Given records:
****************************************

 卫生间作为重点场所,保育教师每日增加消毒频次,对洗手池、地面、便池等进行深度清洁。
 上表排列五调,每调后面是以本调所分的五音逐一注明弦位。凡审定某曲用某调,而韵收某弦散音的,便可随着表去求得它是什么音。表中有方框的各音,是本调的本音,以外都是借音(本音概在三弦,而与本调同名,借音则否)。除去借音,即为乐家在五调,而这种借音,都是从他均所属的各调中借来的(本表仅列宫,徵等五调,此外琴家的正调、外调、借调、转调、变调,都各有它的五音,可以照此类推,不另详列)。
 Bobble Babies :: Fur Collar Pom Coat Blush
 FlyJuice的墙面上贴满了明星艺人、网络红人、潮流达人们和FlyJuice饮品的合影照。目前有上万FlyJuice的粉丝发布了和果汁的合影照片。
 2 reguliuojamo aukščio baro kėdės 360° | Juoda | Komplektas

****************************************

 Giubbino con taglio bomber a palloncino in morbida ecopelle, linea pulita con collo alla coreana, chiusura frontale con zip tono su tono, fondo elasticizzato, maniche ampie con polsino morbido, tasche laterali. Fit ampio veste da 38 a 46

****************************************

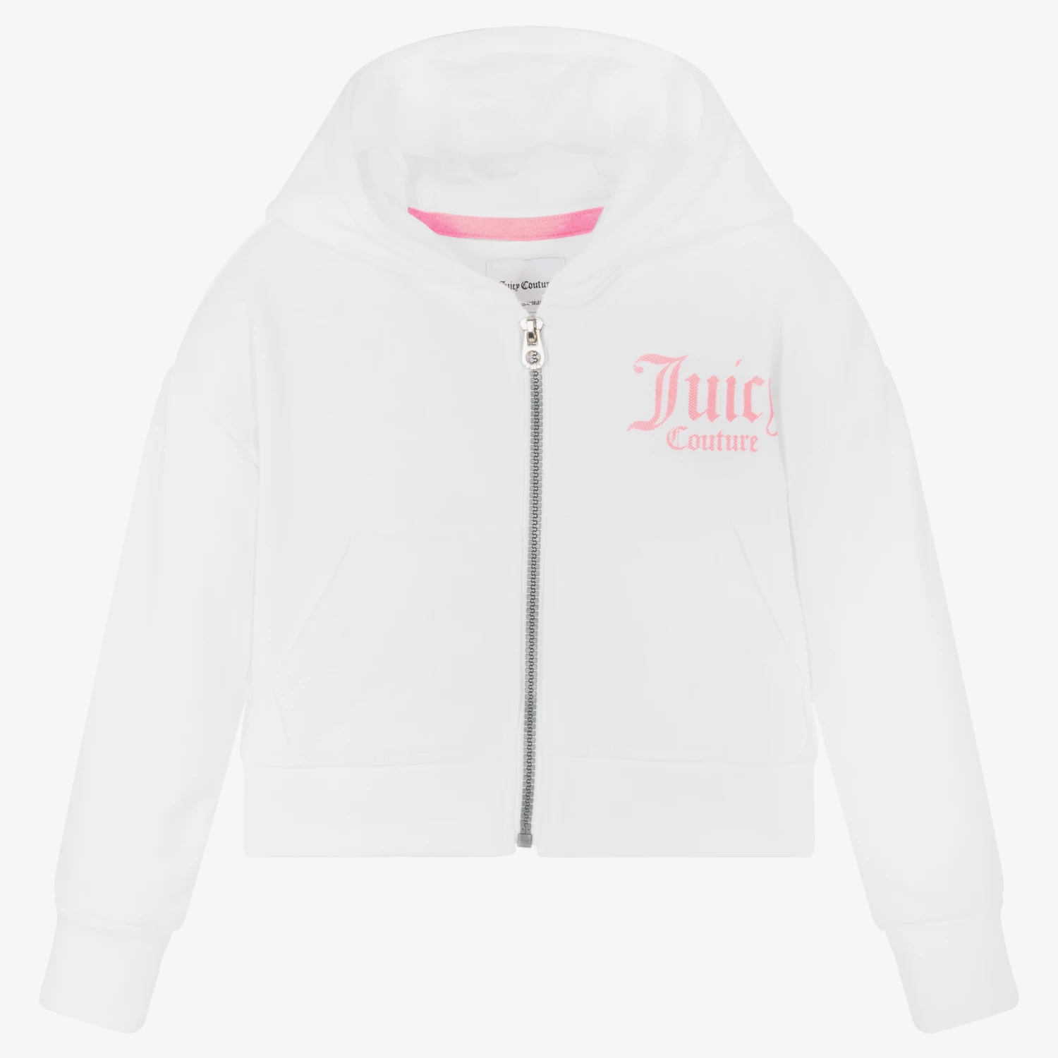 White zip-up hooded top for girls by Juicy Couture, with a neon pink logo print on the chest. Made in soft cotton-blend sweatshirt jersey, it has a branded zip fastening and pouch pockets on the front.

****************************************

How to complete this task: From the records above, transcribe exactly the run of lines that opens with the line holding "上表排列五调,每调后面是以本" and closes with the line holding "2 reguliuojamo aukščio", both included.

Reply to the exercise:
 上表排列五调,每调后面是以本调所分的五音逐一注明弦位。凡审定某曲用某调,而韵收某弦散音的,便可随着表去求得它是什么音。表中有方框的各音,是本调的本音,以外都是借音(本音概在三弦,而与本调同名,借音则否)。除去借音,即为乐家在五调,而这种借音,都是从他均所属的各调中借来的(本表仅列宫,徵等五调,此外琴家的正调、外调、借调、转调、变调,都各有它的五音,可以照此类推,不另详列)。
 Bobble Babies :: Fur Collar Pom Coat Blush
 FlyJuice的墙面上贴满了明星艺人、网络红人、潮流达人们和FlyJuice饮品的合影照。目前有上万FlyJuice的粉丝发布了和果汁的合影照片。
 2 reguliuojamo aukščio baro kėdės 360° | Juoda | Komplektas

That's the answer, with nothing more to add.